For the HIV-infected patients, the remarkable feature is impaired immune function, and HIV can infect a variety of cells such as CD4+ lymphocytes and macrophages. HIV-encoded proteins or microRNAs trigger mitochondrial-mediated apoptosis, which may account for the progressive decline in CD4+ lymphocytes in infected patients.[12] Simultaneously, functional impairment of HIV-infected macrophages may play a role in the immune deficiency.[13,14] These immune impairments may be conducive to ameliorate the acute inflammation and fibrosis in the lungs induced by PQ.

All along, the evolution of the patient's status was in accordance with characteristics of PQ poisoning, but the extent and duration of damage was mismatching and drastically alleviative by the previous biological indices, in spite of early treatment. The CD4+ lymphocyte count also confirmed that the patient was in a state of mild suppression of immunological function on admission.

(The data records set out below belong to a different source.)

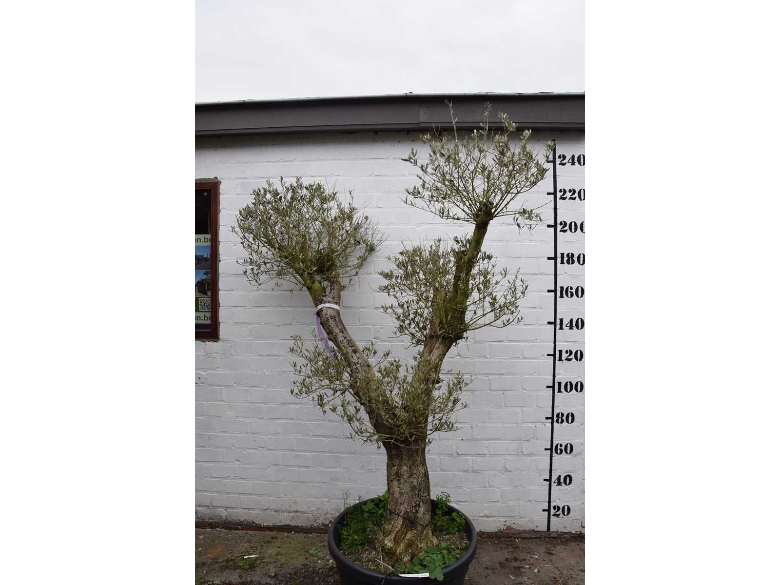 No Type: olive split old skin Latijnse benaming: olea europaea spanje Hoogte ca.: 240cm In pot: true Stamdikte: 27.5cm Leeftijd: 45 Eigen gewicht: 85
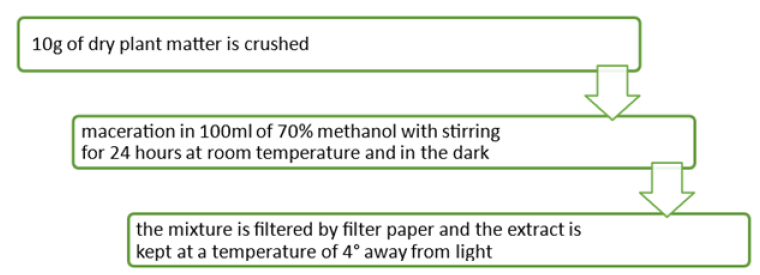 The active compounds are present in algae in small quantities, the extraction of secondary molecules from the algae is a method which makes it possible to obtain a concentrated extract with the slightest change in the characteristics of these molecules. It is obtained after 24 hours of maceration in methanol, this will help us determine the yield of extract from 10g of crushed and dried algae. The yield of the extract is estimated at (22.62%±0.037). The extraction yield depends on the nature of the solvent, its composition and its concentration, the extraction method as well as the physicochemical properties of the compounds to be extracted [6]
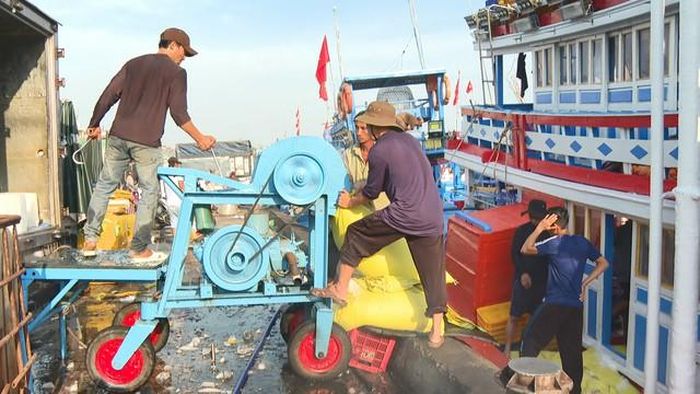 Mỗi chuyến đi biển dài ngày không chỉ là hành trình mưu sinh mà còn là một sự chuẩn bị kỹ lưỡng, từ những vật dụng nhỏ nhất. Dọc theo cầu cảng, mọi người đang tất bật bốc dỡ những bao đá lạnh trắng xóa, những thùng lương thực, thực phẩm tươi ngon, các loại ngư lưới cụ cần thiết và cả những nhu yếu phẩm phục vụ sinh hoạt hàng ngày. Tất cả đều được sắp xếp gọn gàng, cẩn thận, đảm bảo cho con tàu có thể hoạt động trơn tru và hiệu quả trong suốt hành trình dài trên biển.

At the end of the conventional immunosuppressive therapy, CD4+ lymphocyte count also confirmed that the patient was in a state of moderate suppression of immunological function. This patient must have an earlier and more severe immunosuppression state compared with the other patients with PQ poisoning; however, the patient's disease course was surprisingly smooth, and he recovered well and was discharged, without any immunosuppression-related complications. As this patient's probability of survival was 20.5% and plasma concentration (2.17 mg/L) at 10 hours after poisoning was far above the survival limits of SIPP; his recovery was basically unthinkable, even in some sense, a miracle.

We thought that the particular case of treatment can be indirectly supporting the effectiveness of immunosuppressive therapy in treating patients with PQ poisoning, and the degree of immunosuppression and duration remains to be further discussed.